Stored data

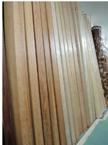
床柱 乾燥材 タモ、アララギ(イチイ)、屋久杉、ツガ(桐)、その他
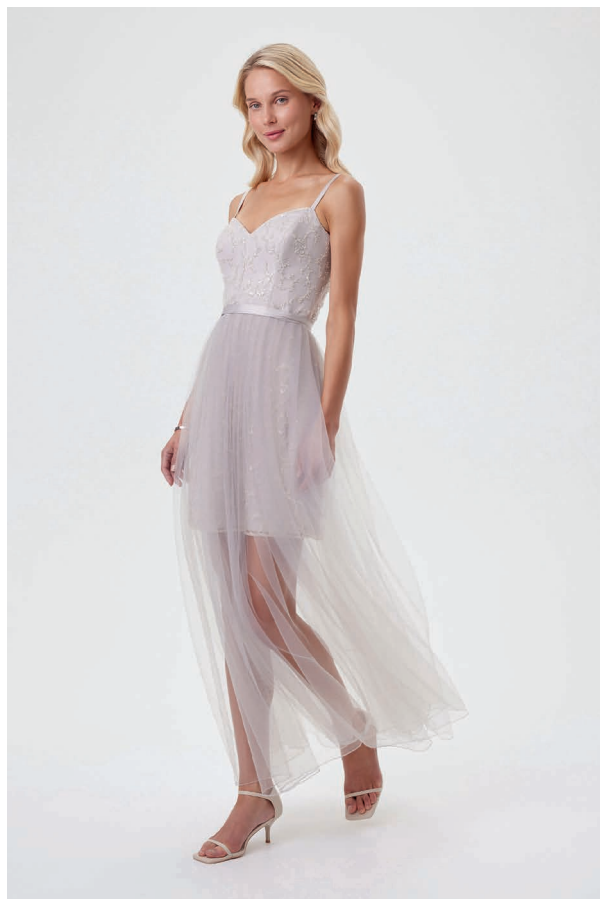
21-11-319 Платье со съёмной юбкой «Лунная вуаль»
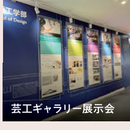
芸工ギャラリー展示会
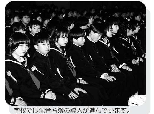
学校では混合名簿の導入が進んでいます。
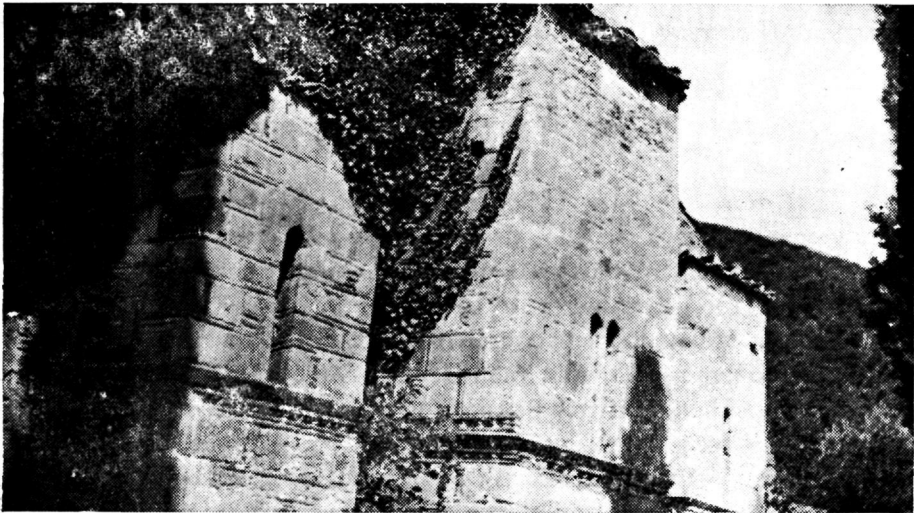
Εἰκὼν 4. Ἀνατολικὴ πλευρὰ τοῦ ναοῦ τῆς μονῆς Ἁγίας

Ἐσωτερικόν. Ὁ ναὸς φέρει νάρθηκα ἔχοντα ἐπὶ τῆς Ν. καὶ Β. πλευρᾶς ἀνὰ μίαν καμαρωτὴν θύραν σήμερον τετειχισμένας. Ἡ στέγη του εἶναι καμαρωτὴ διακοπτομένη κατὰ τὸ μέσον διὰ σταυροθολίου μὲ ἰσχυρῶς προέχοντα βεργία. Ἐκ τοῦ νάρθηκος πρὸς τὸν κυρίως ναὸν φέρουν τρεῖς θύραι. Ἄνωθεν τῆς κεντρικῆς εἰκονίζεται ἡ Μεταμόρφωσις,
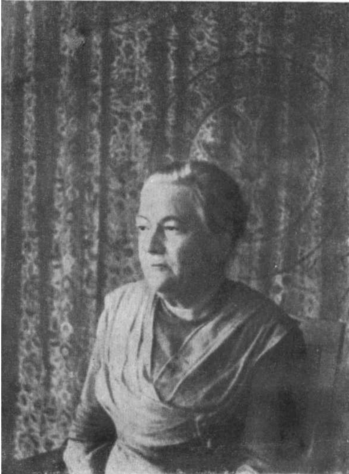
Клара Цеткин Амстердам, 1915

Общественность ожидает от процесса сенсации, а товарищи по партии надеются, что процесс будет иметь огромное агитационное значение.
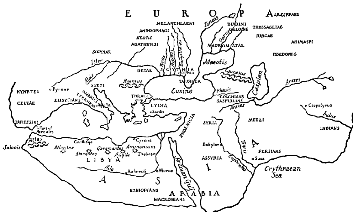
1-карта – Геродоттың Әлем картасы

Ұлы Жібек жолының күре тамыры саналған бұл атырапта бір кездері қалалық мәдениет жақсы дамығанын осы өңірде тығыз орналасқан тарихи-мәдени ескерткіштерден көре аламыз. Көптеген тарихи оқиғалардың куәсі болып, бір кездері Кенджида, Тарбанд-Фараб, Шаш, Шавгар уәлаяттарына бөлінген ұланғайыр атырап қазіргі таңда Шардара, Арыс, Отырар, Түркістан сынды әкімшілік-аумақтық бөліністерге бөлініп отыр.
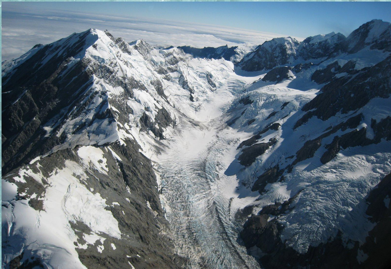
Ледник Тасмана. Новая Зеландия

Ледники — природные образования, представляющие собой скопление льда атмосферного происхождения.
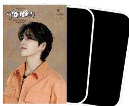
ステッカーイメージ
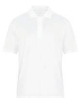
BLANC Aucun PMS
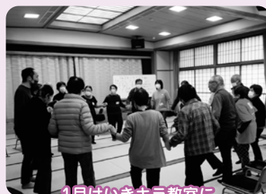
1月はいきいき教室に参加しました

小物作りやレクリエーションで気分転換をし、おしゃべりを交えて楽しいひとときを過ごしませんか？尚、申込みはすべて一回ごとです。町内どこからでも送迎します。その他ご不明な点がございましたらお気軽にお問合せください。
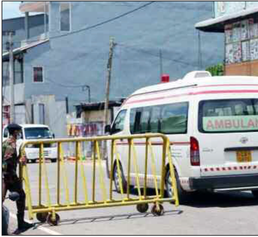
श्रीलंका की राजधानी कोलंबो में महारंगमा इलाके को स्वास्थ्य अधिकारियों ने बैरिकेड लगाकर अलग-थलग कर दिया।
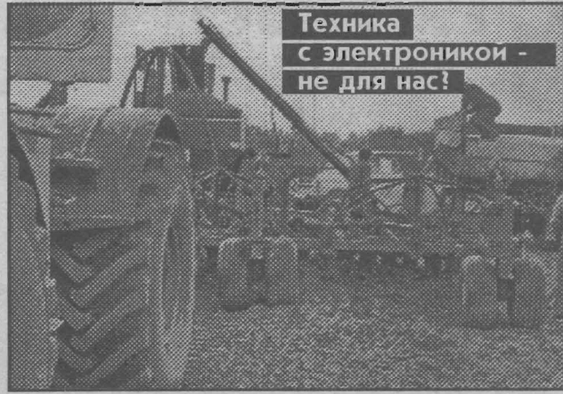
Техника с электроникой - не для нас!

технологичной машиной и не смогли использовать её по назначению. Два года она простояла в гараже, как музейный экспонат достижений высокого разума. Ру-
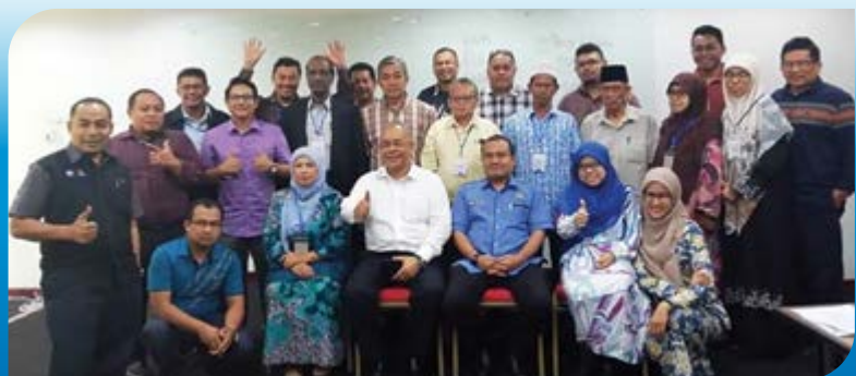
Sesi fotografi peserta bersama penceramah.
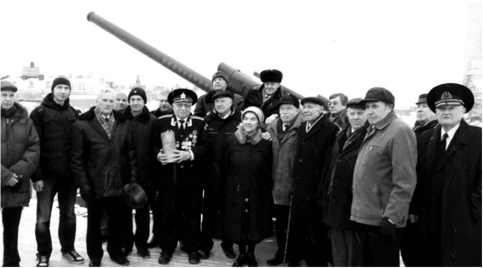
На фото слева направо (первый ряд):
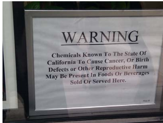
Fig.1: Avviso affisso in noto ristorante (Cheesecake Factory)
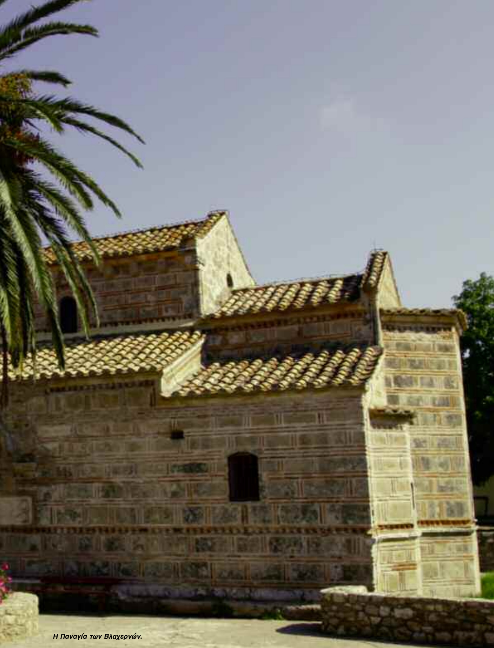
Η Παναγία των Βλαχερνών.
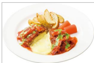
②ベーコンとトマトの イタリアンチーズ IN ハンバーグ
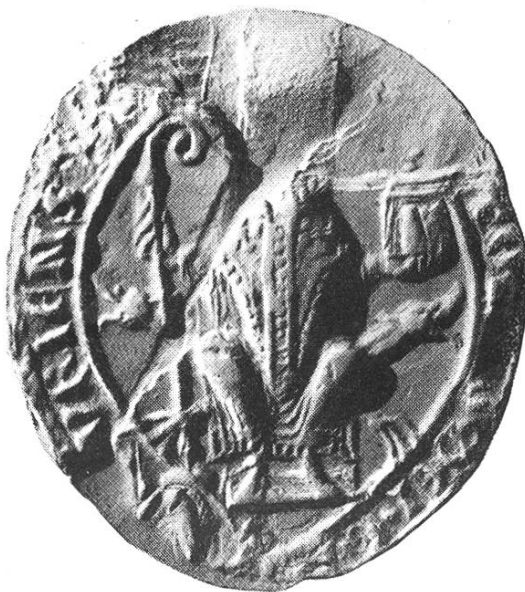
5a. Berthold I. 1228 – 1233

YOUR ASSIGNMENT:
Output only the lines above from the line that holds "технологичной машиной и" through the line that holds "На фото слева", both ends included, and exclude pictures.

YOUR SOLUTION:
технологичной машиной и не смогли использовать её по назначению. Два года она простояла в гараже, как музейный экспонат достижений высокого разума. Ру-
Sesi fotografi peserta bersama penceramah.
На фото слева направо (первый ряд):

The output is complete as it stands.